La psicología del rencor: por qué algunas heridas se convierten en agravios duraderos

Un equipo de psicólogos ha descubierto que el rencor no nace solo del dolor ni solo de la ira, sino de la combinación de ambas emociones tras una ofensa. Cuando sentirse herido se mezcla con enfado, la mente tiende a reinterpretar al agresor como moralmente reprobable y el conflicto puede enquistarse durante años.

Por Enrique Coperías, periodista científico

Según un estudio reciente en psicología social, el rencor surge con más fuerza cuando una ofensa provoca a la vez dolor emocional e ira, una combinación que puede transformar un conflicto puntual en un resentimiento duradero.

Según un estudio reciente en psicología social, el rencor surge con más fuerza cuando una ofensa provoca a la vez dolor emocional e ira, una combinación que puede transformar un conflicto puntual en un resentimiento duradero. Crédito: IA-Gemini-RexMolón Producciones

Una crítica delante de los compañeros de trabajo, una traición en la pareja o un amigo que desaparece en un momento difícil. Las ofensas forman parte inevitable de la vida social. Ante ellas, solemos imaginar dos respuestas clásicas: perdonar o vengarse. Pero la experiencia cotidiana sugiere una tercera vía, mucho más común y silenciosa: guardar rencor.

Un nuevo estudio publicado en la revista Personality and Social Psychology Bulletin propone una explicación psicológica para este fenómeno aparentemente simple. Según la investigación, el rencor no surge solo de la tristeza ni solo de la ira, sino de la combinación específica de ambas emociones. Cuando sentirse herido se mezcla con enfado, la mente tiende a transformar la ofensa en algo más duradero: una actitud de vigilancia emocional hacia quien nos dañó.

El trabajo, dirigido por la psicóloga Jingyuan Sophie Li, de la Universidad de York (Canadá), sugiere que el rencor funciona como una especie de estrategia psicológica de autoprotección.
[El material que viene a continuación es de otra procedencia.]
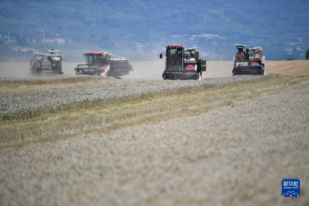 6月8日,長(cháng)豐農機專(zhuān)業(yè)合作社社員駕駛收割機在西安市長(cháng)安區神禾塬萬(wàn)畝優(yōu)質(zhì)糧食生產(chǎn)基地內搶收小麥。

No busca reparar la relación ni castigar directamente al culpable. Más bien, mantiene al ofendido alerta frente a posibles daños futuros.

Qué es el rencor según la psicología

Durante décadas, la psicología ha estudiado principalmente dos reacciones tras una ofensa interpersonal: el perdón y la venganza. Ambas tienen implicaciones sociales claras. La venganza intenta castigar al agresor para evitar nuevas agresiones; el perdón busca preservar la relación y restaurar la cooperación.

Pero ninguna de las dos opciones es siempre viable. Vengarse puede escalar un conflicto interpersonal o generar represalias. Perdonar demasiado pronto, por otro lado, puede dejar al agresor sin consecuencias y favorecer que el daño se repita.

En ese espacio intermedio aparece el rencor, un resentimiento arraigado y tenaz, tal y como lo define la RAE.

Según investigaciones recientes, mantener un rencor implica una emoción negativa persistente que puede desvanecerse con el tiempo, pero que se reactiva fácilmente cuando algo recuerda la ofensa. No es una reacción impulsiva ni un sentimiento pasajero: es una orientación psicológica duradera hacia quien causó el daño.

Esa orientación incluye tres elementos principales:

1️⃣ Desprecio hacia el agresor.

2️⃣ Persistencia emocional .

3️⃣ Sensación de que el conflicto no se resolverá fácilmente.

La receta emocional del rencor

Hasta ahora, los estudios habían observado que dos emociones aparecían con frecuencia en los relatos de quienes guardan rencor: sentirse herido y sentir ira. Sin embargo, la mayoría de investigaciones analizaban estas emociones por separado.

El equipo de Li quiso comprobar si el rencor surgía precisamente de la interacción entre ambas emociones.

Para ello realizaron cuatro estudios con diferentes métodos y muestras —adultos en pareja, estudiantes universitarios y experimentos controlados— en los que analizaron cómo se relacionaban estas emociones con la tendencia a mantener rencor.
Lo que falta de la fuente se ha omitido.